_Data to process_.
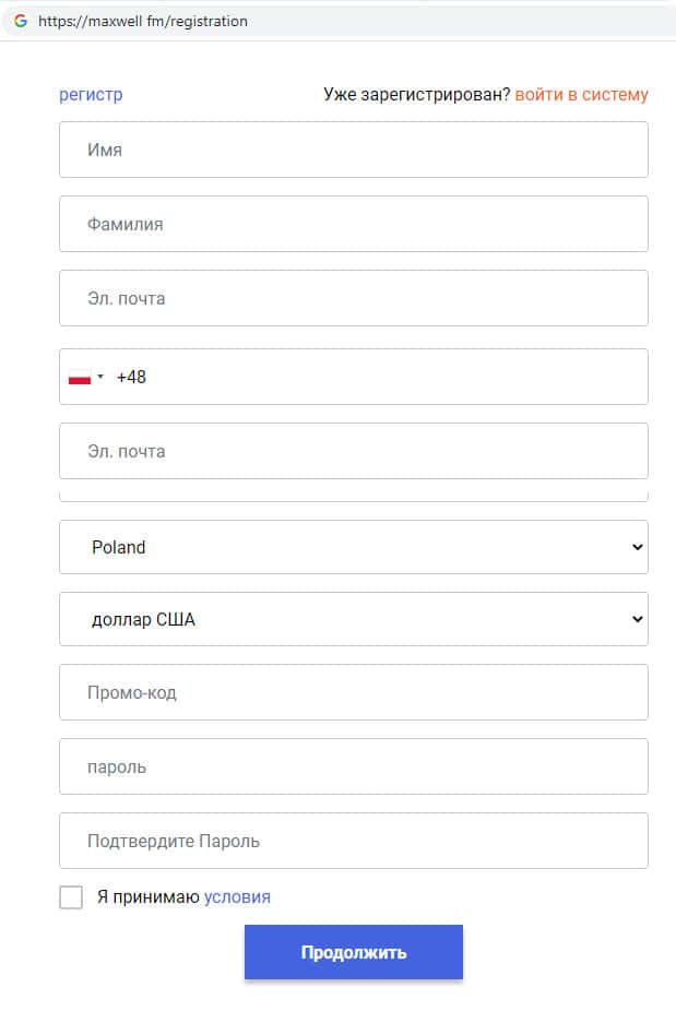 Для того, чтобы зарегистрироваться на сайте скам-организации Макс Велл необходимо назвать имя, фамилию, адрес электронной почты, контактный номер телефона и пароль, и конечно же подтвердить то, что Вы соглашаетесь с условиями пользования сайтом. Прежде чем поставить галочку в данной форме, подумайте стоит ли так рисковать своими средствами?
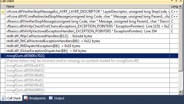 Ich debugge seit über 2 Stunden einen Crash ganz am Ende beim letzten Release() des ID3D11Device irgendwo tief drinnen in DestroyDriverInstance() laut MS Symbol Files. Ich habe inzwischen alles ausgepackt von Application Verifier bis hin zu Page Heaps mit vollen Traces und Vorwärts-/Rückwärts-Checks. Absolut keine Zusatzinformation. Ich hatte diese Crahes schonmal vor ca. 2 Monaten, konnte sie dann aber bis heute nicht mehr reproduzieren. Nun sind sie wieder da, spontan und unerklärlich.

---

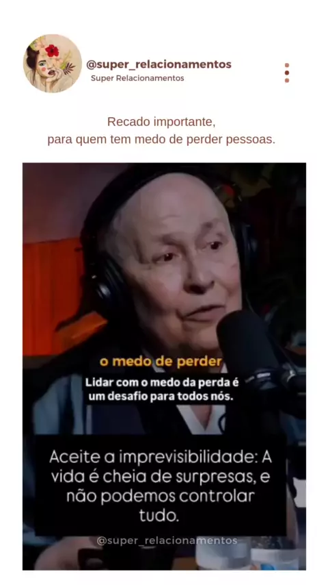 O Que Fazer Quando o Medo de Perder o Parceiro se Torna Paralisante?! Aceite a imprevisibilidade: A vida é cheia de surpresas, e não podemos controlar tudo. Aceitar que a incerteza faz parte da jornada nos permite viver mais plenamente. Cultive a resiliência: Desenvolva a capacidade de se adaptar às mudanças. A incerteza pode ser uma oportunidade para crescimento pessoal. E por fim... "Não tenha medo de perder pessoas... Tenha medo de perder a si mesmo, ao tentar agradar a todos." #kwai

_What the exercise asks_. Retype only the lines above from the one with "Для того, чтобы" through the one with "Ich debugge seit", exactly and with both ends. Images stay out.

_Completed task_.
 Для того, чтобы зарегистрироваться на сайте скам-организации Макс Велл необходимо назвать имя, фамилию, адрес электронной почты, контактный номер телефона и пароль, и конечно же подтвердить то, что Вы соглашаетесь с условиями пользования сайтом. Прежде чем поставить галочку в данной форме, подумайте стоит ли так рисковать своими средствами?
 Ich debugge seit über 2 Stunden einen Crash ganz am Ende beim letzten Release() des ID3D11Device irgendwo tief drinnen in DestroyDriverInstance() laut MS Symbol Files. Ich habe inzwischen alles ausgepackt von Application Verifier bis hin zu Page Heaps mit vollen Traces und Vorwärts-/Rückwärts-Checks. Absolut keine Zusatzinformation. Ich hatte diese Crahes schonmal vor ca. 2 Monaten, konnte sie dann aber bis heute nicht mehr reproduzieren. Nun sind sie wieder da, spontan und unerklärlich.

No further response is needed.